Miles Beauchamp Essayist and featured columnist

The Birthing Room

May 3, 2008, 10:36 am

I rarely mind my own business.  I'm a writer - if I simply minded my own business I'd be stale in three sentences.  But occasionally I actually do "mind my own business" - others might call it being a bit over self-involved - to the point of being a bit on the touchy side.  Not grouchy, not snarky, just a bit touchy.  Okay, fine, I'll cop to it.  BFD.   Yesterday morning, however, I really and truly was minding my own business.  I was in the editorial offices looking for a much-needed thing (probably a coffee refill to be honest) when someone asked THE QUESTION yet again:  "So, like, where do you get your inspiration?" 
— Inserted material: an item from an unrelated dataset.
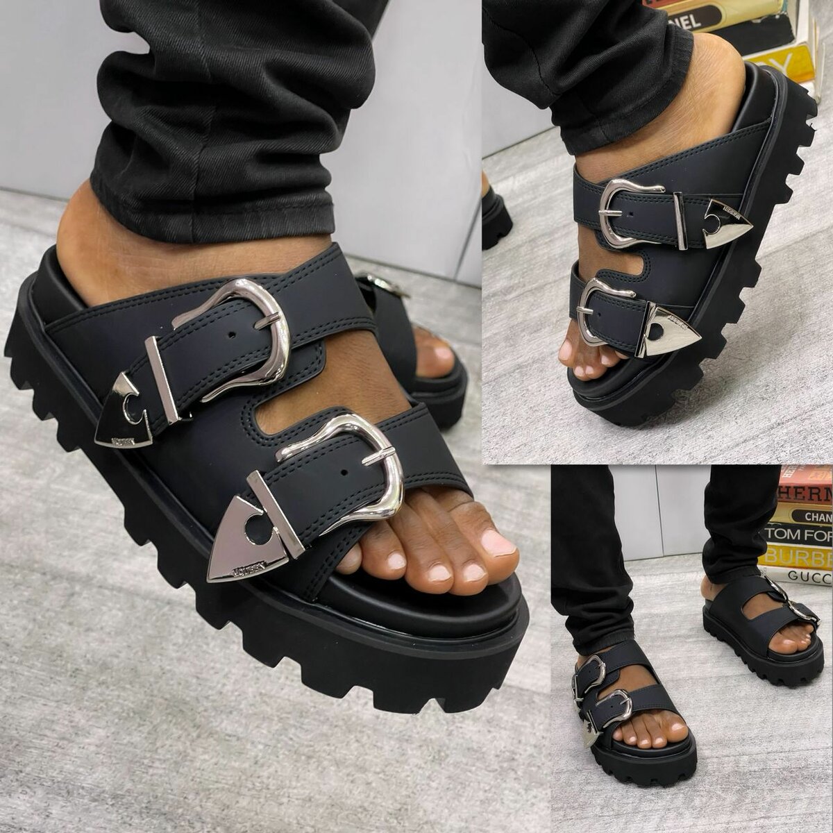 Découvrez les sandales pour hommes parfaites pour l'été. Confortables avec doubles boucles ajustables et semelle antidérapante. Idéales pour un style urbain et moderne.
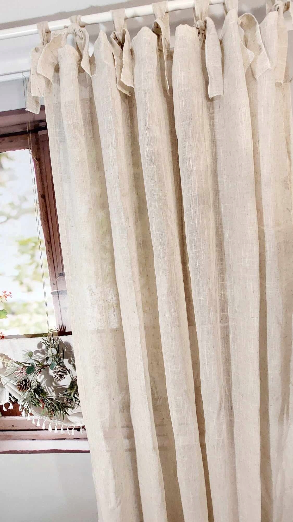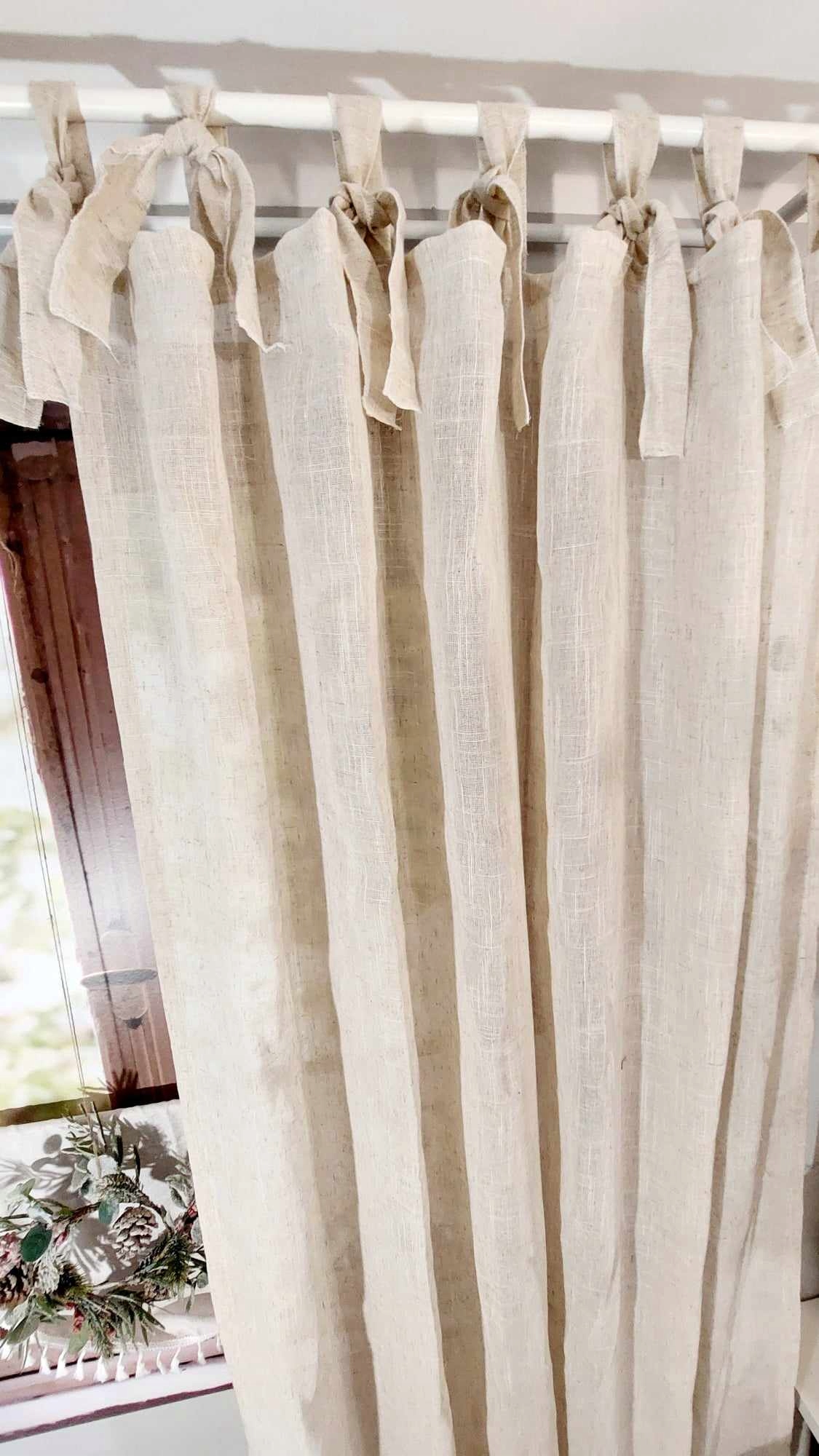 Готові лляні штори бохо на лямках панель для вітальні 150/220 см

So now what?  Do I make a philosophical, blather-filled comment about inspiration?  Should I be flip, tell him to f-off, or ignore it?  What could I do?  Well, on that sunny, warm, San Diego coast morning I said the first thing that came to mind.  "I get my inspiration from the Bank of America."

"Pardon me?"

"Yep, Bank of America."

"How can a bank give inspiration?  Do you sit in the lobby and people-watch?"

"Nope."

"Then I don't get it."

"If I don't give money to the Bank of America they will take my home.  I'm partial to that house so I write."

"Oh."

There is much, much more to the probably unlimited things that inspire me, of course.  There is also the simple need to write - but people who aren't writers rarely understand that so why say it?  And then we're back to minding my own business.  I write to pay the bank, I write to give money to Shell Oil, I write to travel, and finally, I write to live.  Part of the essential me is right here, right now with you as you read this.  I'm alive on the water, I'm alive on the dance floor, I'm alive in bed, I'm alive in front of a class, but I'm really alive at this keyboard, in my office at home - the Birthing Room.  The room where I give birth to ideas - good and bad - and send them on their way.